All hospitalizations of those aged 65 years or older were considered (N = 167,793). Hospitalizations with Department of Defense (DOD) as payer were excluded (n = 7,987) because the DOD does not consistently report race/ethnicity data. Hospitalizations without valid race/ethnicity data were excluded (n = 3,073) as were those not reporting a race/ethnicity for the 5 largest ethnic subgroups in Hawai‘i (ie, Japanese, Chinese, Native Hawaiians, Filipinos, or white), which were the focus of this study. To be consistent with population and disease prevalence totals used for rate denominators (estimated for Hawai‘i residents), individuals not from Hawai‘i were excluded (n = 5,362). We also excluded transfers and unknown admission source (n = 4,517) to meet the definitions of the Agency for Healthcare Research and Quality (AHRQ) for diabetes-related preventable hospitalizations.

HHIC data include a master patient identification variable that tracks individuals across all hospitals in the state. Considering unique individuals confirms that multiple visits by members of certain racial/ethnic groups are not driving health disparities, an important issue in diabetes where racial disparities are seen in readmissions (18). After exclusions, there were a total of 146,854 eligible hospitalizations from 72,876 unique patients.

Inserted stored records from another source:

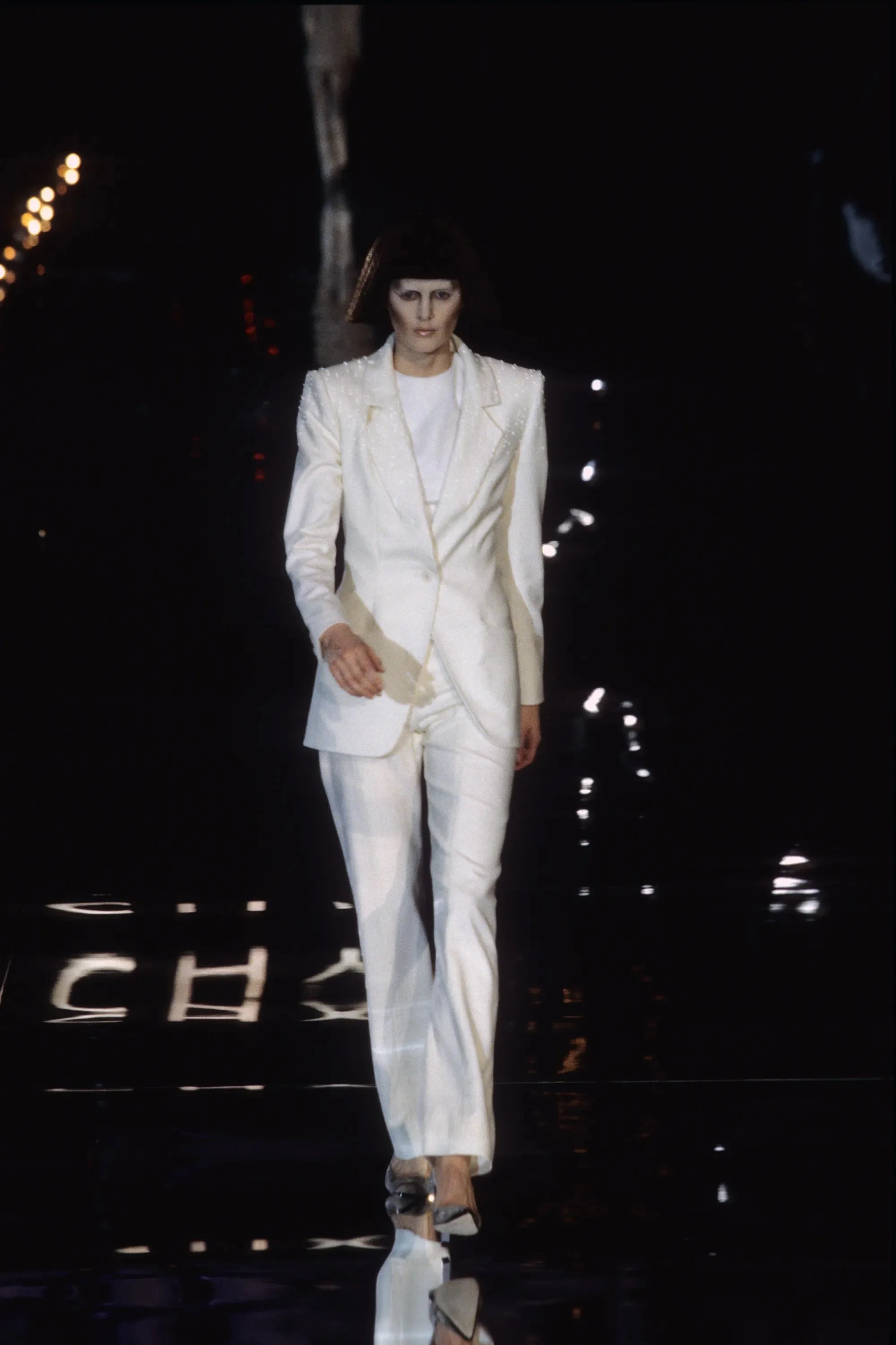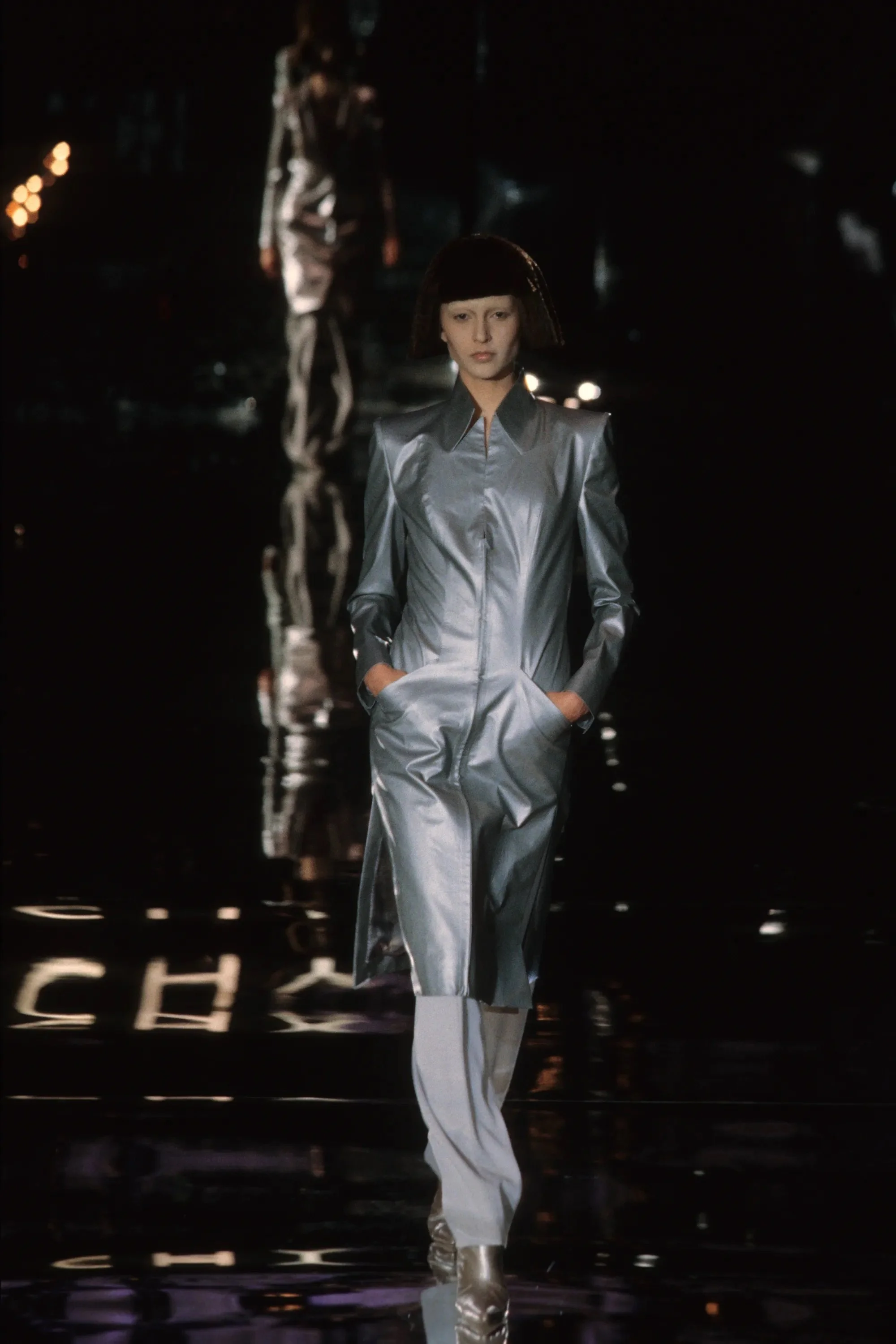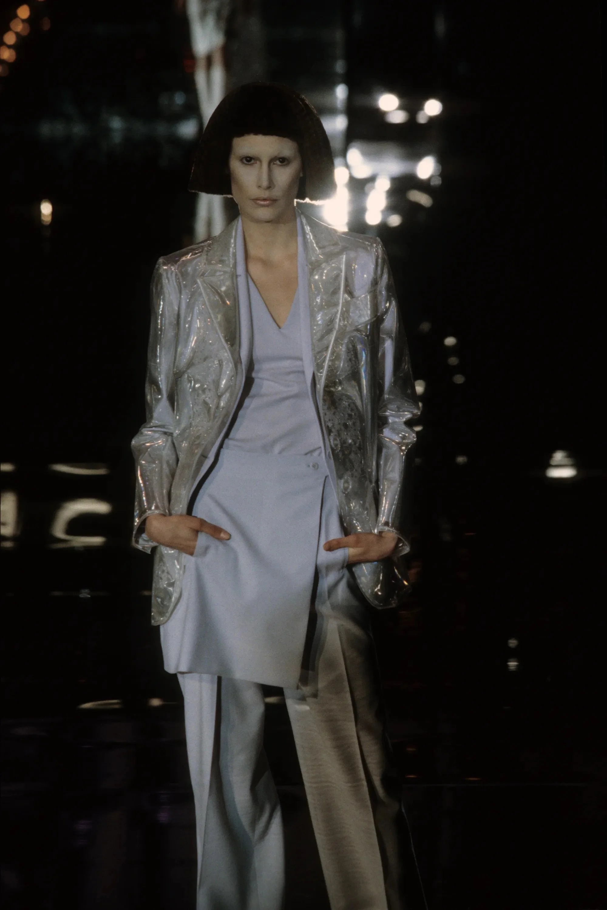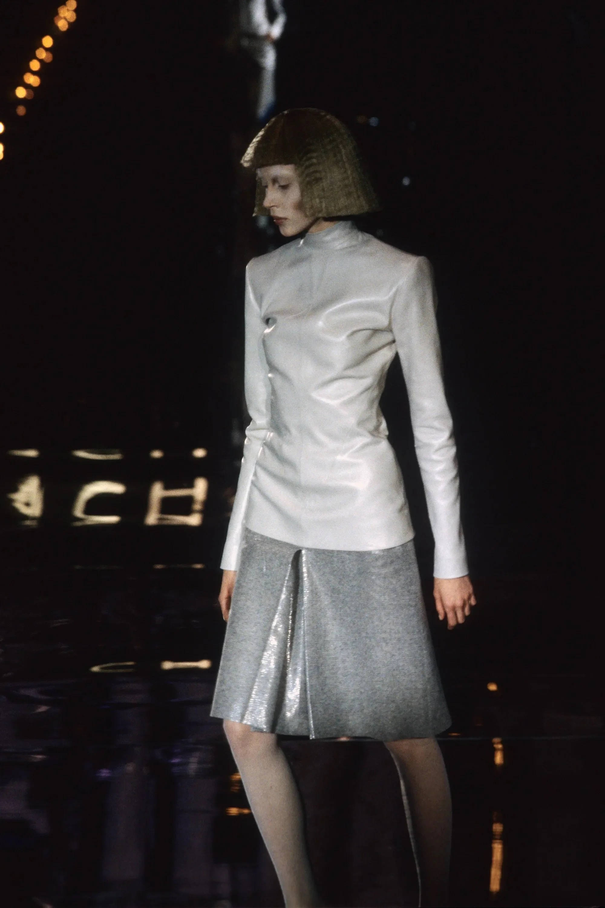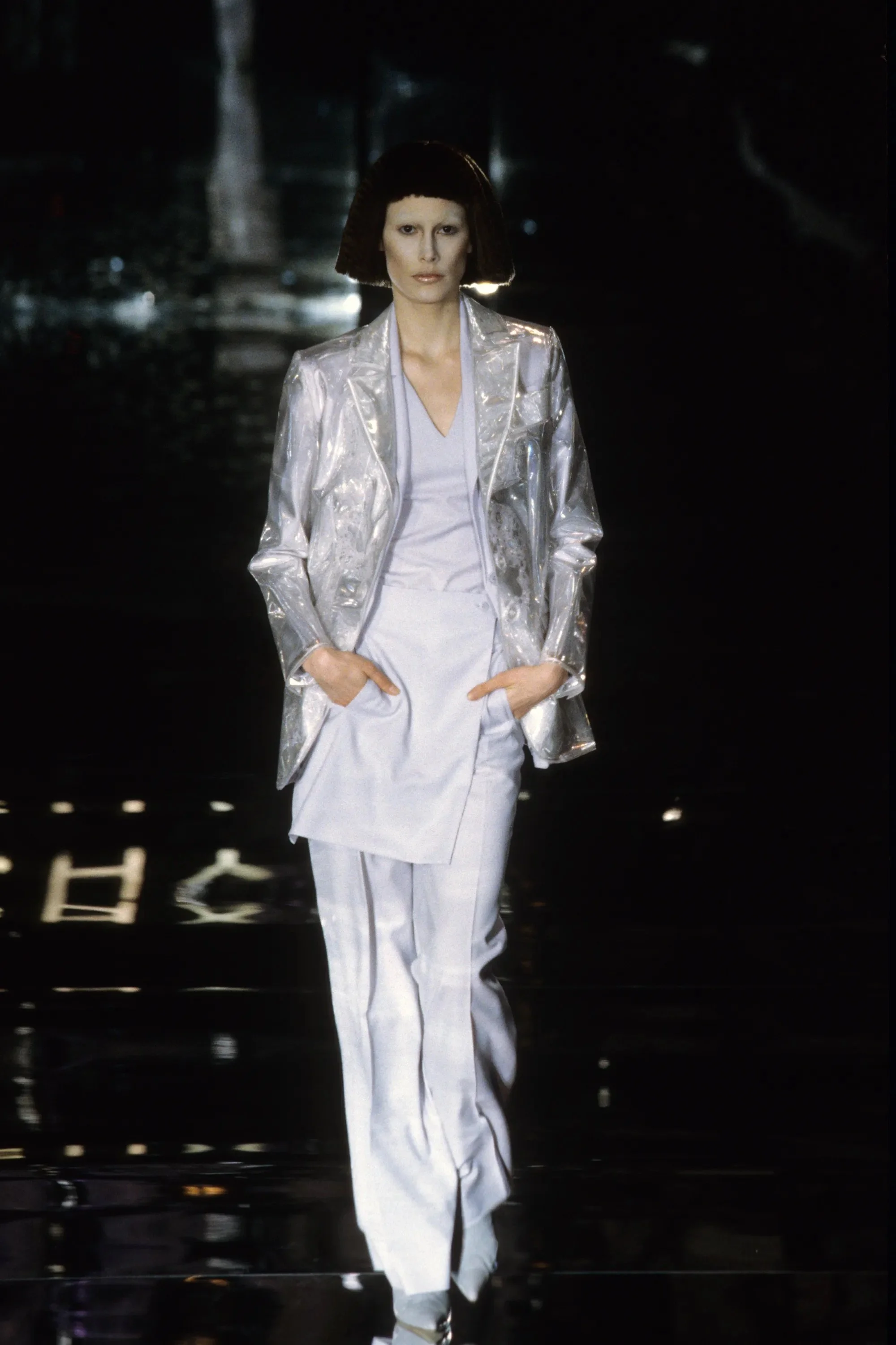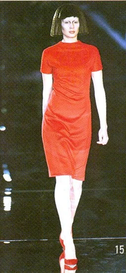 ウィンナワルツに乗って発表されたコレクションは映画「2001年宇宙の旅」(’68作)の監督で、先日逝去したスタンリー・キューブリックにささげられた。得意なテーラードのパンツスーツやコート、ジオメトリックカットのドレスなどクラシックな作品を主に、コンピューターの電子回路柄を描いたスーツやジャケットなど未来的モードがまじる。シルバーメタルやプラスチックを服の部分にも取り入れて。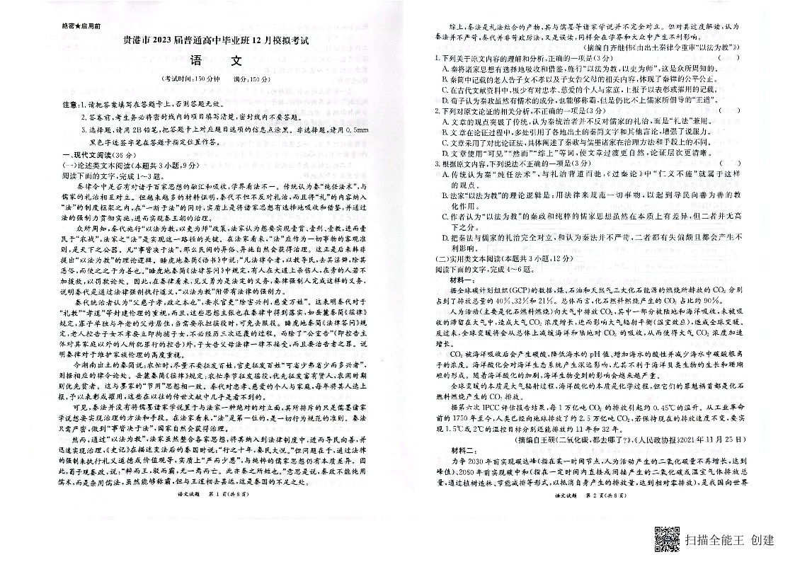 高三语文--广西贵港市2022-2023学年普通高中毕业班12月模拟考试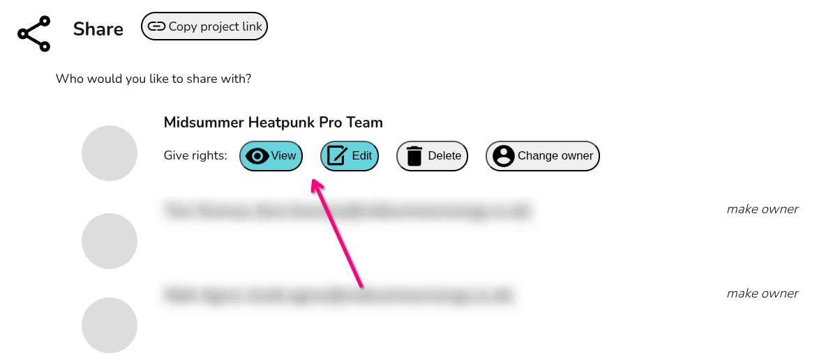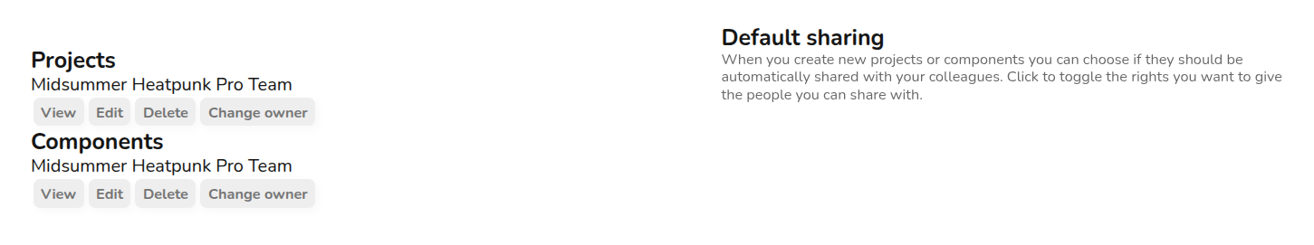 With Heatpunk pro you're able to collaborate with your team by sharing projects and components. See below how you can configure your sharing settings.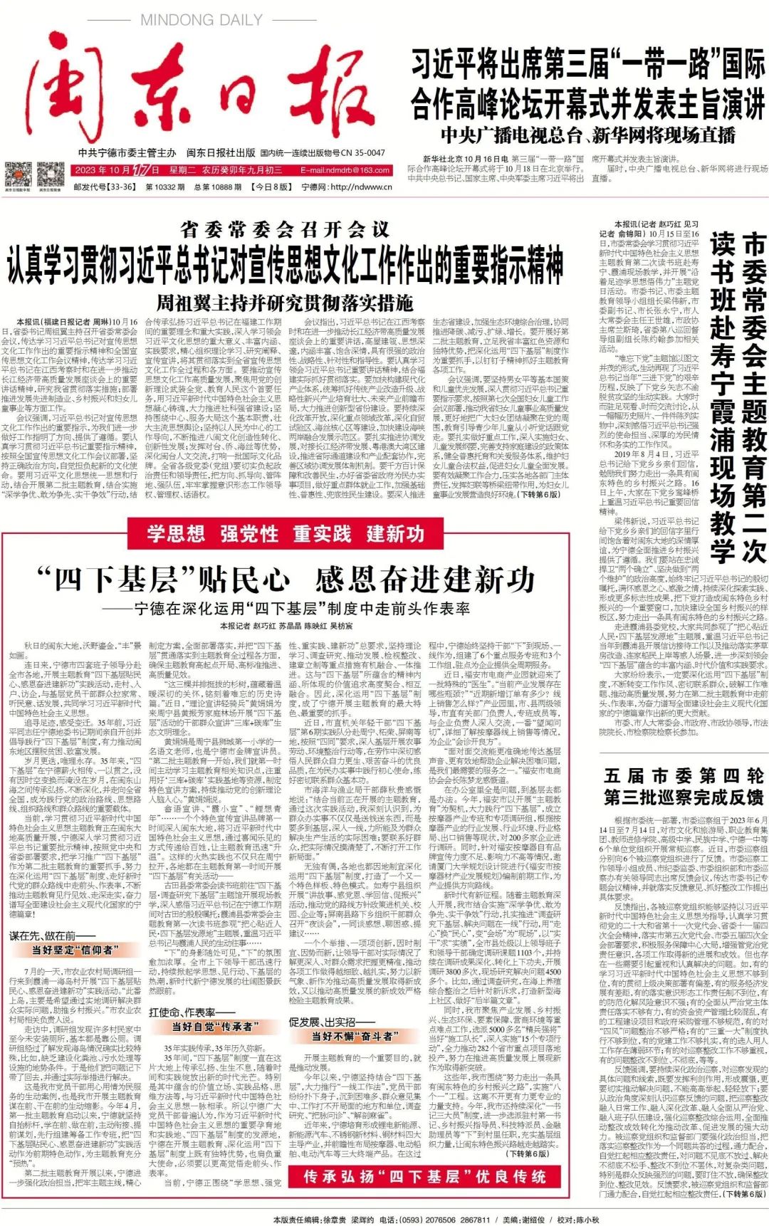主题教育丨宁德:“四下基层”贴民心 感恩奋进建新功

We followed AHRQ definitions to identify DRPH (19). Specifically, we included 1) uncontrolled diabetes without mention of a short-term or long-term complication, 2) diabetes with short-term complications (eg, ketoacidosis, hyperosmolarity, coma), 3) diabetes with long-term complications (eg, renal, eye, neurologic, circulatory, or complications not otherwise specified), and 4) lower extremity diabetes-related amputations. More detail is available from AHRQ (www.qualityindicators.ahrq.gov/Downloads/Modules/PQI/V31/pqi_guide_v31.pdf).

The HHIC race/ethnicity variable was created from race/ethnicity categories available consistently across all hospitals in Hawai‘i from December 2006 through December 2010 (17). Race/ethnicity data are typically provided by patient self-report at intake and include only 1 primary race. Mixed-race individuals are represented as their primary race of identification or excluded by being part of the “other” racial/ethnic category.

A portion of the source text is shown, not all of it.